Es waren tragische Nachrichten, die vor wenigen Tagen bekannt wurden: Der ehemalige Kinderstar Daveigh Chase ist im Alter von nur 35 Jahren verstorben. Zunächst hieß es, Chase sei infolge einer Sepsis verstorben. Nun ist laut Medienberichten die offizielle Todesursache bekannt gegeben worden.
Wie unter anderem die "New York Times" mit Verweis auf veröffentlichte Berichte der Gerichtsmediziner in Los Angeles schreibt, sei Chase an den Folgen einer AIDS-Erkrankung gestorben. Zudem wird in dem Autopsiebericht ein chronischer Konsum verschiedener Substanzen als wesentliche Begleitbedingung genannt. Ein detaillierter Bericht liege laut dem Los Angeles Department of Medical Examiner allerdings noch nicht vor.

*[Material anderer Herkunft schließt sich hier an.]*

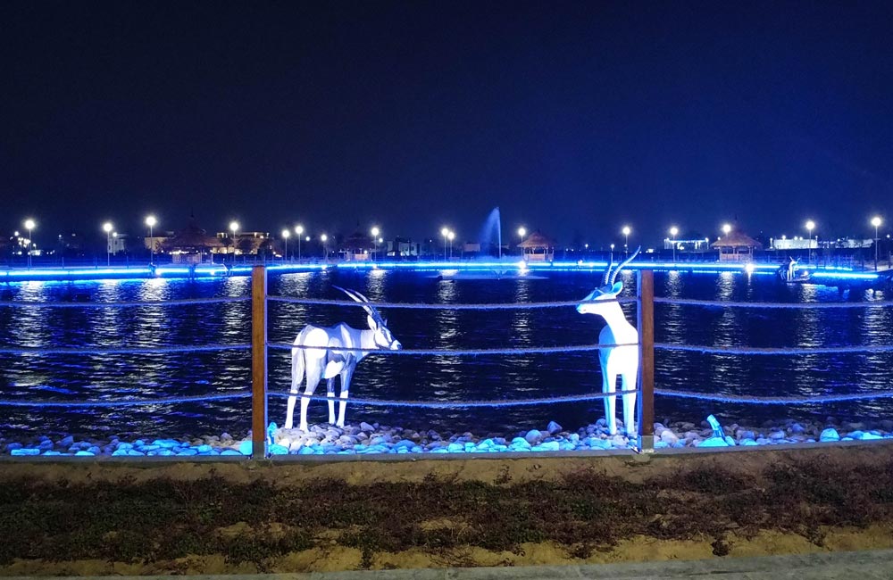 وتتضمن الواحة كراسي وسلال كأثاث خارجي تخدم الزوار ومرافق خدمية وإنارة ديكورية، ومنطقة ألعاب خشبية تتناسب مع طبيعة المكان مخصصة للأطفال، كما تحتوي على 22 مجسماً لأشكال الحياة البرية والمحلية وإنشاء أكثر من 120 موقفاً متضمنة 5 مواقف مخصصة لعربات الطعام المتنقلة مجهزة بكامل الخدمات من المياه والكهرباء والصرف، بالإضافة إلى تخصيص منطقة للشواء، وتوفير 10 مظلات جلوس. وقد تم مراعاة متطلبات أصحاب الهمم في جميع المرافق بالبحيرة، وتتميز بإضاءة ليلية تجميلية لتضفي جمالاً إلى جمال المنطقة.

Chase Vater, John David Schwallier, hatte den Tod seiner Tochter bereits zuvor gegenüber der "New York Times" bestätigt und zunächst angegeben, dass die Todesursache Komplikationen infolge einer bakteriellen Meningitis und einer Blutvergiftung gewesen seien. Schwallier gab außerdem an, dass seine Tochter schon lange obdachlos gewesen sei und mit ihrem Freund in der Nähe des Krankenhauses gelebt habe, in dem sie letztlich verstarb. Sie soll bereits seit ihrem 13. Lebensjahr Drogen konsumiert haben.
"The Ring" und "Lilo & Stitch" machten Daveigh Chase berühmt
Daveigh Chase stand in ihrer Kindheit für viele Rollen vor der Kamera. Den Durchbruch brachte ihr der Horrorthriller "The Ring", wo sie an der Seite von Schauspielerin Naomi Watts die Rolle der kleinen Samara spielte. Noch heute sind die Bilder, in denen Chase als bleiches Mädchen mit langen schwarzen Haaren aus einem Fernseher kriecht, weltberühmt.
Jahre später übernahm Chase außerdem in dem 2002 erschienenen Film "Lilo & Stitch" die Synchronstimme des hawaiianischen Waisenmädchens Lilo. Damals war die Nachwuchsschauspielerin zwölf Jahre alt. Auch in den Filmen "Stitch! Der Film" (2003), "Leroy & Stitch" (2006) und in der Disney-Channel-Serie "Lilo & Stitch: Die Serie" war Chase als Lilo zu hören. 2016 beendete sie ihre Schauspielkarriere.